Finding M in a Taylor's Inequality problem

[freudchicken06]

I was wondering if anybody could help me with a general rule for finding M in a Taylor's Inequality problem. I have my Calc II final exam tomorrow and I have no professor (only a grad student as a teacher, who hasn't been ANY help) so if anyone could help me out with how to solve the following kind of problem, that would be great. I'm not even sure where to start except with the formula for Taylor's Inequality:

"Use Taylor's Inequality to estimate ln(1.1) to within an error of 0.001. Write you answer as a single number."

I was also given the following information:

ln(1+X) = (sigma) (-1)^(n+1)(x^n)/(n)

 

[stapel]

How does "X" relate to "x"? How does "M" relate to the exercise?

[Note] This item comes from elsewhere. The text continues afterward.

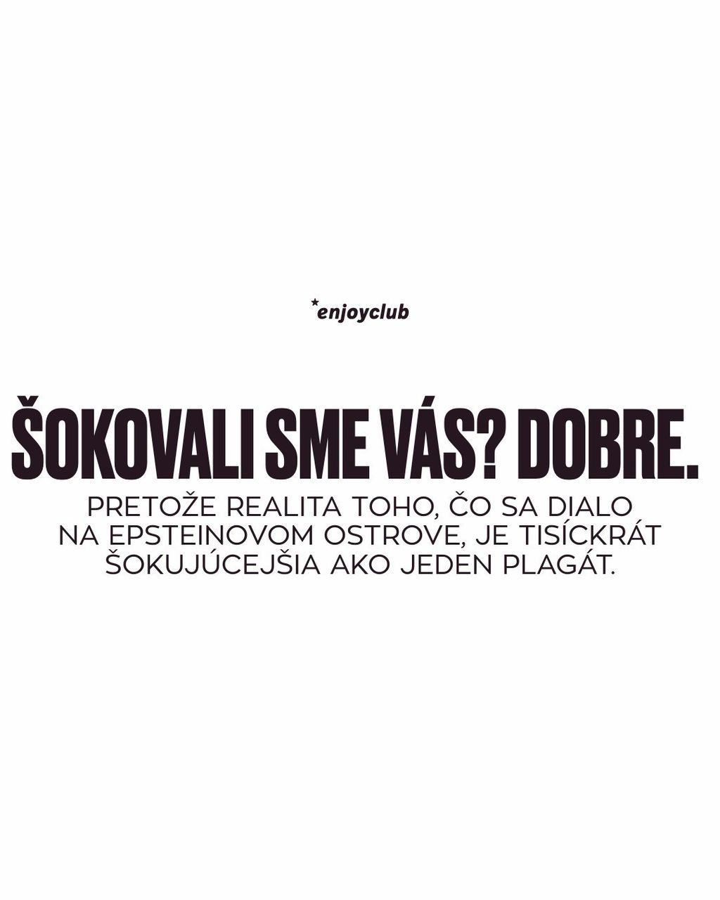 Botránytól hangos a szlovákiai sajtó; Epstein neve halálában is mérgező. Elképesztő, hogy az EnjoyClub közösségi oldalain olyan posztok jelentek meg, amelyek Epstein nevét viselő partit hirdettek, meztelen nőket ábrázoló képekkel és szövegekkel, amelyek átlépték az etika határait. A klub ingyen alkoholt ígért fiatal lányoknak, és azt sugallta, hogy 15 éves kortól érkezhetnek a résztvevők, a fiatalabbak pedig "idősebb nővér" kíséretében. Egy posztban még azt is írták, hogy lájkolással "helyet nyerhetnek Epstein szigetén".

Are you referring to the inequality displayed here?

Thank you.

Eliz.

 

[freudchicken06]

Yes, I'm referring to the inequality:

abs(Rn(x)) (is less than or equal to) [M abs(x-a)^(n+1)]/(n+1)!

I'm having a ton of trouble understanding how to do these kinds of estimation problems and like I said, the grad student I have for a "professor" is of no help and can hardly figure them out himself.

 

[galactus]

Maybe I can explain a little.

The remainder is the 'meat' of the theorem because it tells you how close

you are when you replace the function with the polynomial.

Let's say the function is continuous on some interval we'll call I.

'a' is any point in the interval I, ususally its midpoint.

Let's use a polynomial of degree 3 with a=0 and x=1.

\(\displaystyle \L\\S_{n}(x)=f(a)+\frac{f'(a)(x-a)}{1!}+\frac{f''(a)(x-a)^{2}}{2!}+\frac{f'''(a)(x-a)^{3}}{3!}+.....+\frac{f^{n}(a)(x-a)^{n}}{n!}\)

\(\displaystyle \L\\S_{n}(x)\) is the sum of the polynomial terms up to term of degree n.

The remainder \(\displaystyle \L\\R_{n}(x)=f(x)-S_{n}(x)\) for all x in I.

Then there is a point let's call w in I, w is between a and x, s.t.

\(\displaystyle \L\\R_{n}(x)=\frac{f^{n+1}(w)(x-a)^{n+1}}{(n+1)!}\)


\(\displaystyle \L\\f(x)=ln(x+1)\\f'(x)=(x+1)^{-1}\\f''(x)=(-1)(x+1)^{-2}\\ f'''(x)=(-1)(-2)(x+1)^{-3}\\f''''(x)=(-1)(-2)(-3)(x+1)^{-4}\)

\(\displaystyle \L\\f(0)=0, \;\ f'(0)=1, \;\ f''(0)=-1, \;\ f'''(0)=2, \;\ f''''(w)=-6(w+1)^{-4}\)

\(\displaystyle \L\\f(x)=f(a)+f'(a)(x-a)+\frac{f''(a)(x-a)^{2}}{2!}+\frac{f'''(a)(x-a)^{3}}{3!}+\frac{f''''(w)(x-a)^{4}}{4!}\)

\(\displaystyle \L\\ln(1+x)=0+x-\frac{x^{2}}{2}+\frac{2x^{3}}{6}-6(w+1)^{-4}\frac{x^{4}}{4!}\)

Therefore, \(\displaystyle \L\\S_{3}(x)=x-\frac{x^{2}}{2}+\frac{x^{3}}{3}\) and \(\displaystyle \L\\ln(1.1)=0.1-\frac{(0.1)^{2}}{2}+\frac{(0.1)^{3}}{3}=.095333.....\)

\(\displaystyle \L\\R_{3}(x)=\frac{-x^{4}}{4}(w+1)^{4}.\)

Let's estimate:

\(\displaystyle \L\\0<w<0.1, \;\ so \;\ 1<w+1<1.1\)

\(\displaystyle \L\\\frac{1}{1.1}<\frac{1}{w+1}<1; \;\ |R_{3}(0.1)|=\frac{(-1)^{4}}{4}(w+1)^{4}<\frac{0.1}{4}=0.000025\)

That's closer than you need, but what the heck.